Жоэля покоробило, но он не возмутился духом, а лишь задумался. Помедлив несколько минут, тихо и рассудительно проговорил.
— Я влёкся к ней всей душой. Хотел ли я её плотски? Да, хотел. Мечтал об алтаре и обо всем, что должно последовать после, хотел, чтобы она родила мне детей, хотел умереть с ней в один день. Сильнее её я любил только однажды… один день… мне было двенадцать, тогда болел отец, я молился в нашей домовой церкви. К утру отцу полегчало, врач сказал, что он поправится. Я вышел в сад. Помню шорох листвы и росу на траве. Луч солнца ослепил меня, и в его лучах я увидел Лик Христа. Он улыбался мне. Во мне загорелось пламя. Я пламенел в этой любви. Боль сердца и слезы. Не помню, сколько это продолжалось — мгновение или часы. Времени не было. Потом все тихо ушло, растаяло во мне. Но это было давно. Любил ли я Мари… — Жоэль смотрел в небо. — Любил.
— Ты посягал на неё?
Жоэль опустил голову.
— Нет. Лишь на себя.
Не поднимая глаз, духовник заговорил.
— Ты не ответил на мой первый вопрос, Джоэле. Ты не расслышал его?
Жоэль с улыбкой пожал плечами.
— Я понял вопрос. Мысль о соитии с мужчиной вызывает во мне брезгливую оторопь.
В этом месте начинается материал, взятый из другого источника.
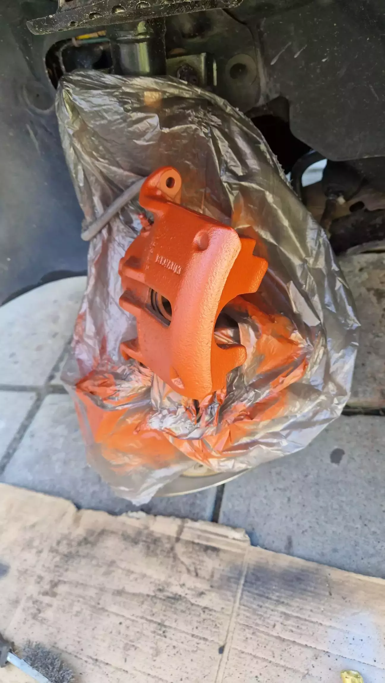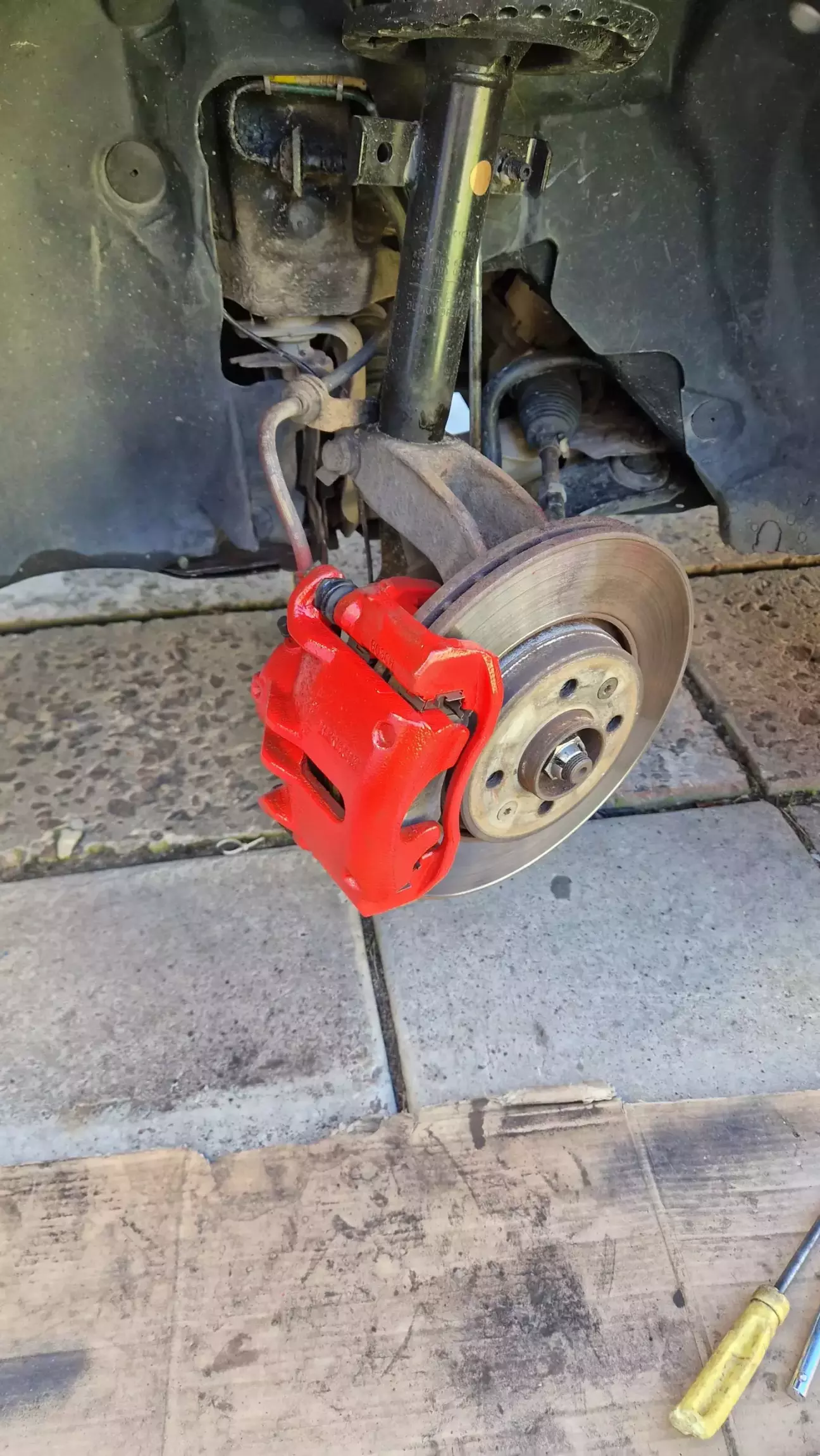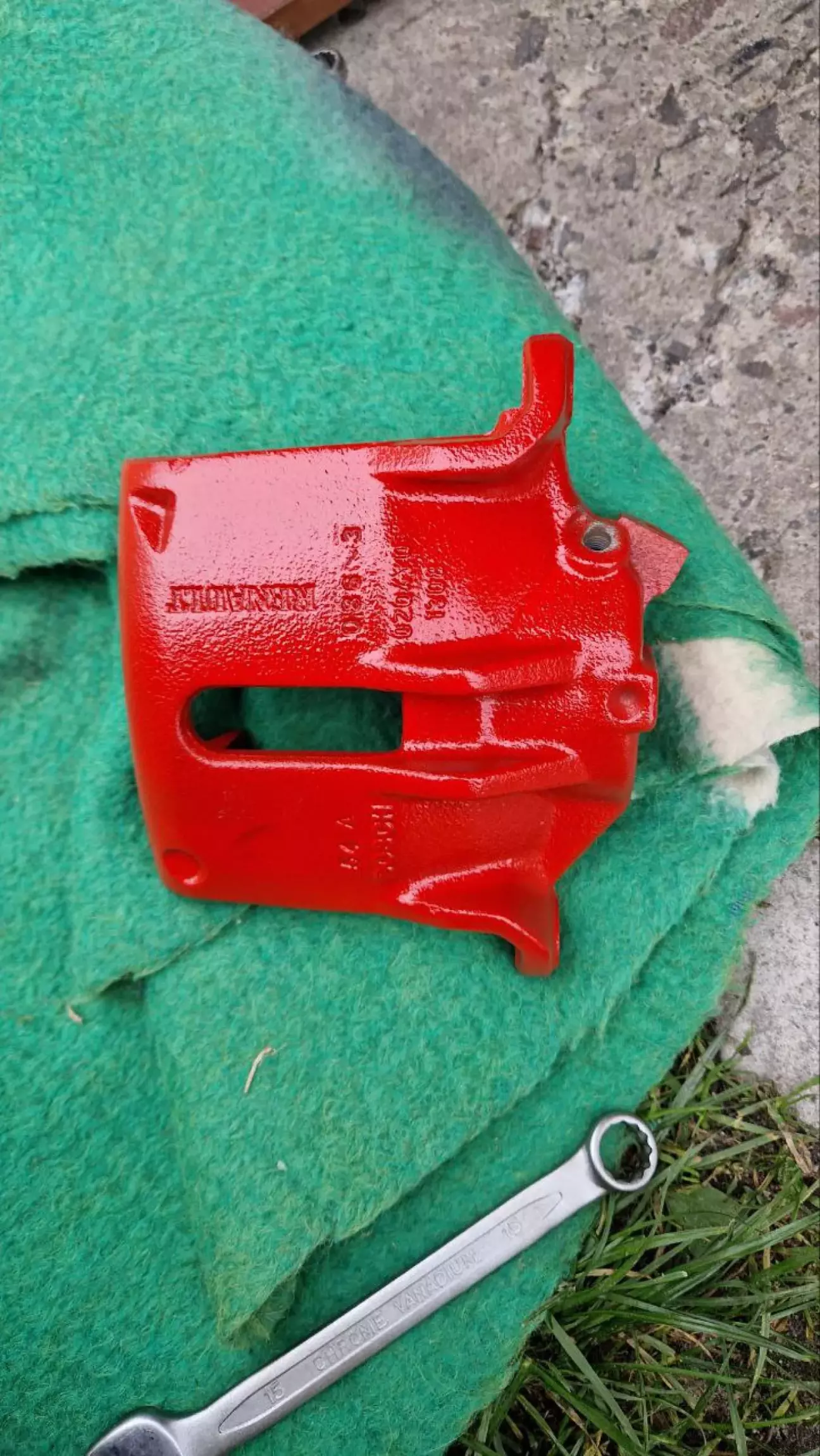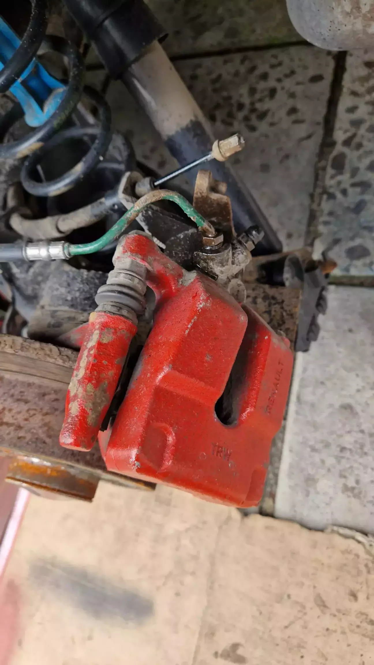 Придбав в знайомого на розбірці такіж передні супорта як в мене і стоять, та щей і відпіскоструєні два роки тому і з відкрученими штуцерами, старі супорта пробував воскресити, гайку приварювати до обломка в супорті, обломується по кусочку, сенсу бавитись з ними немає, добре що придбав інші...

Меня никогда плотски не влекло к Камилло. — Улыбка вдруг пропала с его губ, — Но… влечение… да, я чувствовал. Это… было. — Он жалко улыбнулся, — Я всегда хотел иметь друга. Но равен мне был только он… Равенство умов, равенство духа… Я… я холоден. Всегда замечал это. Я не умею вспылить, разгневаться, меня трудно оскорбить. Другие не таковы. А он… пламя. Я недоумевал, считал его нервным, чрезмерно страстным, но… да, меня влекло к нему.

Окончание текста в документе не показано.